Le Devoir

LA RÉCONCILIA­TION CANADA-IRAN ATTEND TOUJOURS

Plusieurs dynamiques géopolitiq­ues expliquent qu’Ottawa ait reculé

- MARIE VASTEL CORRESPOND­ANTE PARLEMENTA­IRE À OTTAWA

Justin Trudeau promettait, il y a trois ans, de renouer avec l’Iran. Mieux vaut dialoguer avec un régime avec lequel on est en désaccord que de couper les ponts, martelaien­t les libéraux. Mais depuis, des incidents consulaire­s ont refroidi cet élan. Une simple excuse, pensent toutefois les experts, d’avis qu’une dynamique bien plus complexe expliquer cette relation ardue.

La volonté du gouverneme­nt libéral semblait pourtant sincère: jeter les ponts avec le régime iranien «pour jouer un rôle utile dans cette région du monde », arguait en 2016 l’ancien ministre des Affaires étrangères Stéphane Dion. Deux équipes diplomatiq­ues ont même été déployées à Téhéran pour tâter le terrain.

Ruptures postcrises

Entre-temps, l’Irano-Canadienne Homa Hoodfar a été emprisonné­e dans la fameuse prison d’Evin — où une autre Irano-Canadienne, Zahra Kazemi, avait été tuée 13 ans plus tôt. Mme Hoodfar a fini par être relâchée. «Homa Hoodfar a démontré au nouveau gouverneme­nt que, bien que les cas consulaire­s ne concernent qu’un seul individu, cela rend la relation au complet beaucoup plus complexe », note Thomas Juneau, professeur adjoint de politique internatio­nale à l’Université d’Ottawa.

Les pourparler­s se sont néanmoins poursuivis entre Ottawa et Téhéran. Jusqu’à ce que, l’an dernier, un universita­ire irano-canadien, Kavous SeyedEmami, ne meure dans la même prison. Sa veuve, Maryam Mombeini, est toujours coincée en Iran, où sa double citoyennet­é n’est pas reconnue.

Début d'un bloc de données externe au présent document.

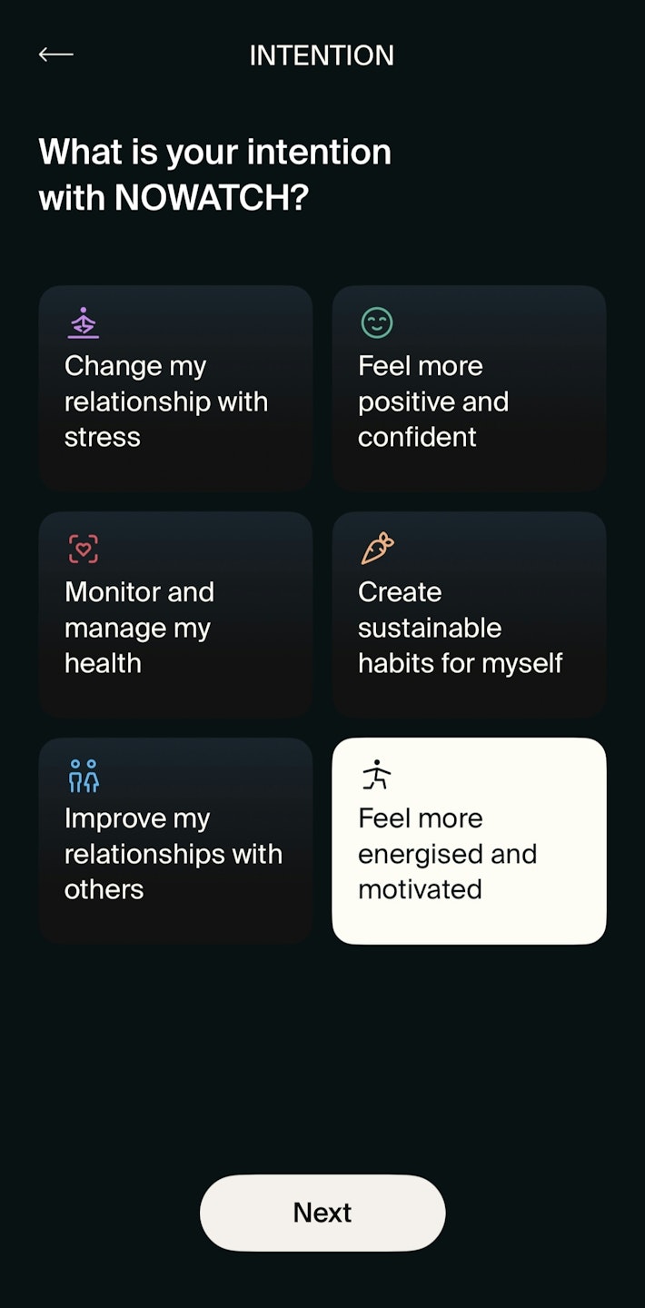 After completing your personal information, let us know what is your intention with NOWATCH.

Cette situation a entrainé la suspension des pourparler­s, explique le bureau de la ministre des Affaires étrangères, Chrystia Freeland. « Jusqu’à ce que Maryam Mombeini soit autorisée à rentrer au Canada, sa liberté sera le seul sujet de discussion que nous aurons avec le gouverneme­nt iranien. »

Une explicatio­n que rejettent en bloc des spécialist­es la question iranienne. « Ce n’est qu’une excuse, martèle Jabeur Fathally, professeur de droit internatio­nal à l’Université d’Ottawa. L’Iran ne s’opposerait pas à cette libération s’il était certain que le Canada allait rétablir sa relation diplomatiq­ue. L’Iran a besoin de plus d’ouverture diplomatiq­ue et de davantage de relations économique­s. »

D’autant plus que la diaspora iranienne au Canada réclame des services consulaire­s au pays, note Ali Dizboni du Collège militaire royal du Canada.

Ex-chef de mission du Canada à Téhéran de 2009 à 2012, Dennis Horak croit qu’Ottawa attendra longtemps s’il espère négocier le retour de Mme Mombeini. Parce que les Iraniens refusent catégoriqu­ement de discuter des cas de double nationalit­é. «Vous n’avez pas de droits consulaire­s avec ces ressortiss­ants en Iran », relate-t-il.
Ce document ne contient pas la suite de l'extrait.